Abstract
Purpose
The standard of care for early rectal cancer is radical surgery; however, it carries high postoperative morbidity. This study aimed to assess the short-term and oncological outcomes of local excision and adjuvant radiotherapy in patients with high-risk pathological stage (p) T1 rectal cancer.
Methods
Fifty-five patients underwent local excision with adjuvant radiotherapy or radical resection for high-risk T1 rectal cancer. Patients with adenocarcinoma within 10 cm from the anal verge; pT1 with high-risk features (grade 3–4); a tumor size of ≥3 cm; a positive margin; a lymphovascular or perineural invasion; or a submucosal invasion depth of ≥SM2 were included.
Results
The rates of postoperative complications and stoma formation were higher in the radical surgery group (P = 0.021 and P = 0.003, respectively). No significant differences were observed in the overall survival and disease-free survival (DFS) between the 2 groups (P = 0.301 and P = 0.076, respectively). Vascular invasion was a significantly poor prognostic factor for DFS (P = 0.033). The presence of 3 or more high-risk features was associated with a poor DFS (P = 0.002).

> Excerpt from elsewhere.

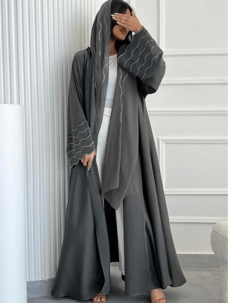 اكتشفي أناقتك مع عباية قطعتين رمادية مع تطريز مخطط
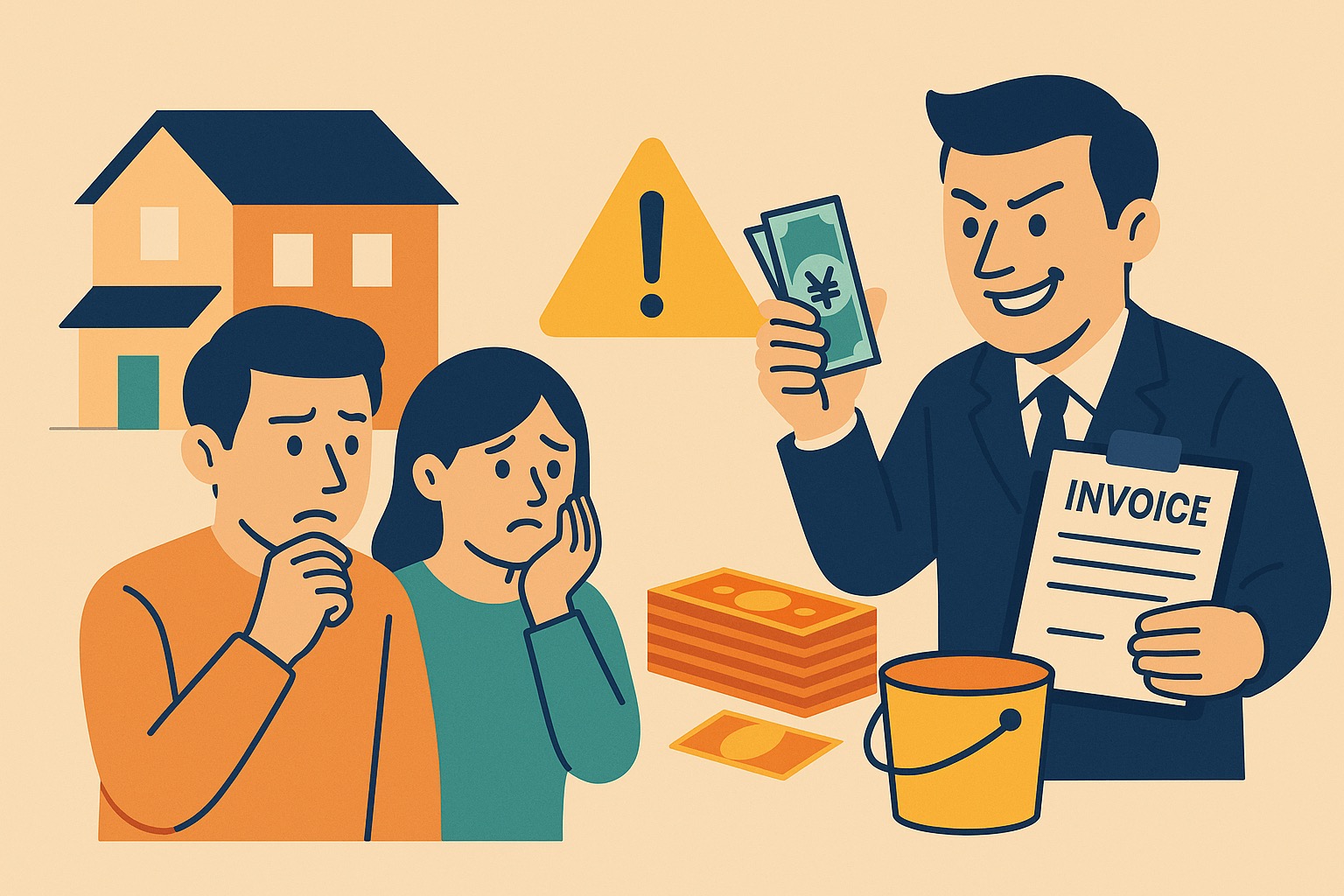 工事を途中で止められるわけにもいかず、施主は渋々支払いに応じましたが、最終的な支払い総額は当初の見積もりより大幅に膨らんでしまいました。

The standard of care for early rectal cancer is radical surgery, namely, total mesorectal excision (TME), which carries a high risk of postoperative morbidities and influences the patients’ quality of life [1]. Low anterior resection syndrome and stoma formation can negatively affect bowel function [23], along with various aspects of sexual dysfunction, urological difficulties, and psychological disturbances [1].
Local excision for early rectal cancer was restricted to patients with contraindications to radical surgery or to accept procedure-related recurrence and death [4]. However, with the advancements in early rectal cancer assessment modalities, the improvements in the techniques used to perform local excision and adjuvant therapy for selected patients, and the decreased postoperative morbidity and incidence of stoma formation, local excision has become an alternative to radical surgery [56]. However, with the advances in early rectal cancer assessment modalities, some centers perform transanal endoscopic microsurgery (TEM) for full-thickness assessment due to the uncertainty of the preoperative diagnosis and staging [7].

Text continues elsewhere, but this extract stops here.